REQUIRED WORK: Only the lines from the one with "楊花校長是云寶舞蹈隊項目總負" through the end of the data below belong in the answer, restated word for word, pictures excluded.

PROVIDED MATERIAL:
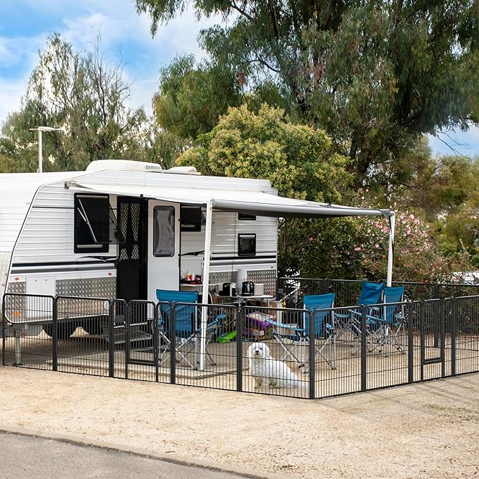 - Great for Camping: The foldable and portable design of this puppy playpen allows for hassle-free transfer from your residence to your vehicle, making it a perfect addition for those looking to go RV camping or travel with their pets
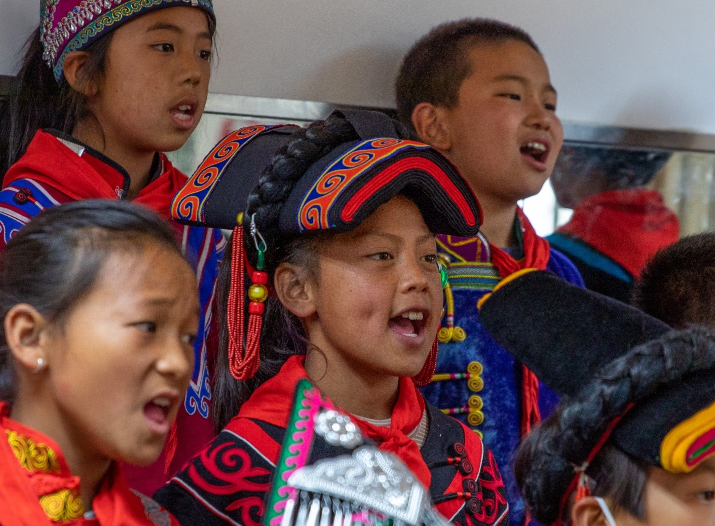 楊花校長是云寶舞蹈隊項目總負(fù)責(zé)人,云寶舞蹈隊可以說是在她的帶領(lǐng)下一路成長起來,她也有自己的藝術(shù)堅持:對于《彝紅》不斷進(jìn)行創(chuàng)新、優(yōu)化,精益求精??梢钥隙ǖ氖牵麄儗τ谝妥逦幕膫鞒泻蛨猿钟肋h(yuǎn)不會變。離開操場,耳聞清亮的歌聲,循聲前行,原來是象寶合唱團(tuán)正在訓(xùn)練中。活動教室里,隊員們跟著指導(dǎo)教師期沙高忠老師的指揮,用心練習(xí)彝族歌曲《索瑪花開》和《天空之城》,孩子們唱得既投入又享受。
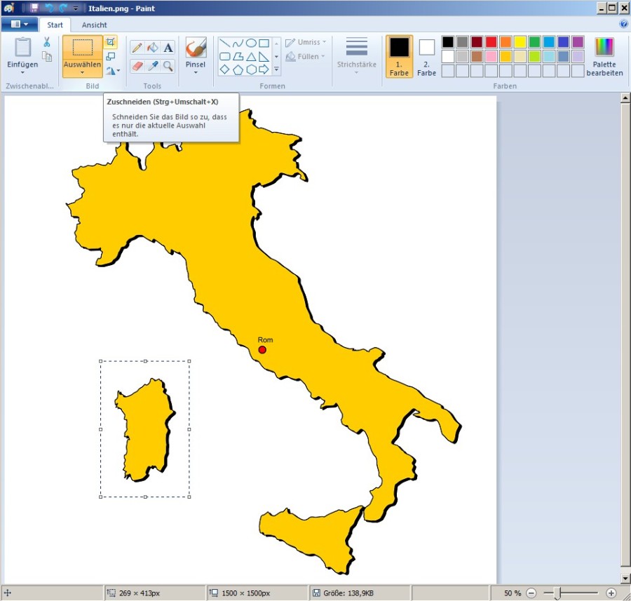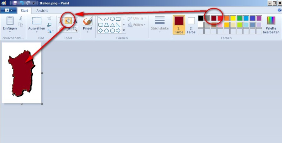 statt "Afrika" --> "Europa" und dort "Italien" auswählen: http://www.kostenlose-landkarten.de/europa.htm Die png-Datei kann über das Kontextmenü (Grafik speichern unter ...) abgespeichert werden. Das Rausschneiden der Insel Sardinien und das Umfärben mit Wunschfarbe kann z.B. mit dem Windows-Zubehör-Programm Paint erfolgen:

EXPECTED ANSWER:
 楊花校長是云寶舞蹈隊項目總負(fù)責(zé)人,云寶舞蹈隊可以說是在她的帶領(lǐng)下一路成長起來,她也有自己的藝術(shù)堅持:對于《彝紅》不斷進(jìn)行創(chuàng)新、優(yōu)化,精益求精??梢钥隙ǖ氖牵麄儗τ谝妥逦幕膫鞒泻蛨猿钟肋h(yuǎn)不會變。離開操場,耳聞清亮的歌聲,循聲前行,原來是象寶合唱團(tuán)正在訓(xùn)練中。活動教室里,隊員們跟著指導(dǎo)教師期沙高忠老師的指揮,用心練習(xí)彝族歌曲《索瑪花開》和《天空之城》,孩子們唱得既投入又享受。
 statt "Afrika" --> "Europa" und dort "Italien" auswählen: http://www.kostenlose-landkarten.de/europa.htm Die png-Datei kann über das Kontextmenü (Grafik speichern unter ...) abgespeichert werden. Das Rausschneiden der Insel Sardinien und das Umfärben mit Wunschfarbe kann z.B. mit dem Windows-Zubehör-Programm Paint erfolgen:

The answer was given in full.